L’art de la cryptographie a commencé il y a au moins 2.500 ans, avec les Egyptiens, Les Grecs puis les Romains, Jules César et son fameux « code 3 », et a joué un rôle important dans l’histoire depuis. Un des messages codés ou « cryptogramme » le plus célèbre, la note de Zimmermann, a probablement précipité l’entrée des États-Unis dans la 1ère Guerre Mondiale. Quand le cryptogramme a été cassé en 1917, les Américains comprirent que l’Allemagne avait essayé d’attirer le Mexique à adhérer à son effort de guerre, en promettant des territoires Américains au Mexique en cas de victoire.

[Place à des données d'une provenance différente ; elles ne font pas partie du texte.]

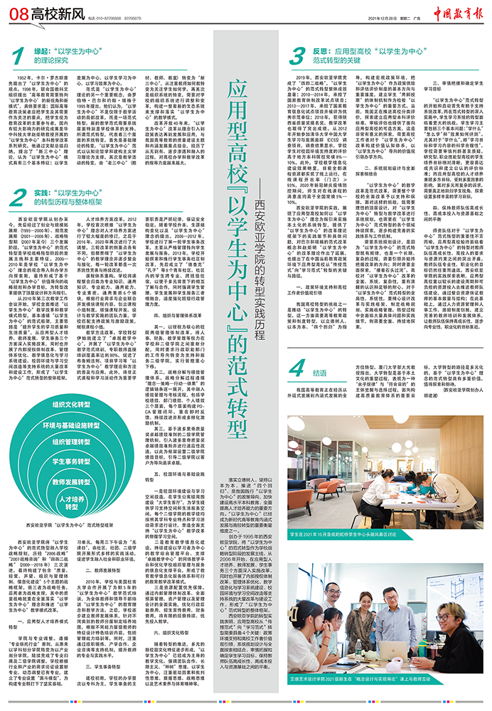 2021年12月28日,《中国教育报》第8版刊发了beat365正版唯一官网必一创办人、董事长胡建波教授的文章《应用型高校“以学生为中心”的范式转型——beat365正版唯一官网必一的转型实践历程》,文章介绍了beat365正版唯一官网必一“以学生为中心”的范式转型历程及整体框架,并对应用型高校从“传授范式”向“学习范式”转型的关键与路径进行了反思和探讨。现全文转载如下:

Pratiquement simultanément, les Américains Gilbert S. Vernam d’ATT Company et Joseph Mauborane des transmissions de l’armée Américaine, ont développé le premier code réputé incassable appelé le chiffre de Vernam. Une particularité distinctive de ce code est son besoin de clef unique utilisée pour crypter le message transmis, en n’étant jamais réutilisée pour envoyer un autre message. (Le chiffre de Vernam est également connu comme le carnet à feuilles jetable des espions, chaque feuille étant utilisée pour coder un message puis détruite soigneusement, comme le magnétophone dans « Mission Impossible »….) La découverte du chiffrement de Vernam n’a pas généré beaucoup d’utilisations industrielles à l’époque parce que l’invulnérabilité n’a été prouvée que beaucoup plus tard, et parce que ses conditions d’utilisation étaient peu pratiques pour les particuliers et les entreprises, jusqu’à l’apparition de l’ordinateur personnel en 1980.

Un exemple de crypto symétrique : Le code de Che Guevara

Quand en 1967 l’armée bolivienne a capturé et a exécuté le révolutionnaire Che Guevara, elles ont trouvé sur son corps un brouillon de message à transmettre au Président cubain Fidel Castro. Le Che a employé le fameux chiffrement réputé incassable inventé par Gilbert Vernam en 1918. Les lettres composant le message du Che (en Espagnol) sont traduites une première fois en un nombre décimal à deux chiffres par une règle fixe, à savoir :

Par lui-même ce procédé n’aurait assuré pratiquement aucune protection. Les chiffres du message sont alors répartis dans des blocs à cinq chiffres. Ils deviennent la ligne supérieure de chaque groupe de trois lignes sur la feuille de brouillon. La ligne au milieu de chaque groupe est la clef, une combinaison de chiffres aléatoires connus seulement de Guevara et Castro :

On additionne alors le chiffre de la première et deuxième ligne pour produire un cryptogramme, formant le résultat sur la troisième ligne, qui est la seule envoyée par des moyens classiques interceptables comme le télégraphe ou la radio ondes courtes. En raison de l’addition des chiffres principaux avec ceux aléatoires, ce cryptogramme est lui-même une chaine décimale aléatoire, ne diffusant aucune information sur le message original, excepté à quelqu’un qui connait la clef. A l’autre bout, le bureau du code de Castro soustrait les mêmes chiffres au message reçu reconstruisant alors dans l’ordre les nombres de la rangée supérieure, ce qui donne le message en clair. Beaucoup d’espions et de diplomates ont employé le chiffre de Vernam tout au long du 20ème siècle. La clef, plutôt que d’utiliser des chiffres décimaux, utilise maintenant des éléments binaires 0 et 1, et les additions et les soustractions étant effectuées en base 2 par la machine, plutôt qu’en base 10 à la main. Néanmoins, la clef doit encore être disponible à la fois où elle produit le code et à l’endroit du déchiffrement, et donc elle doit être parfaitement gardée pendant toutes les phases de la livraison et de stockage pour l’empêcher de tomber dans les mains d’un adversaire.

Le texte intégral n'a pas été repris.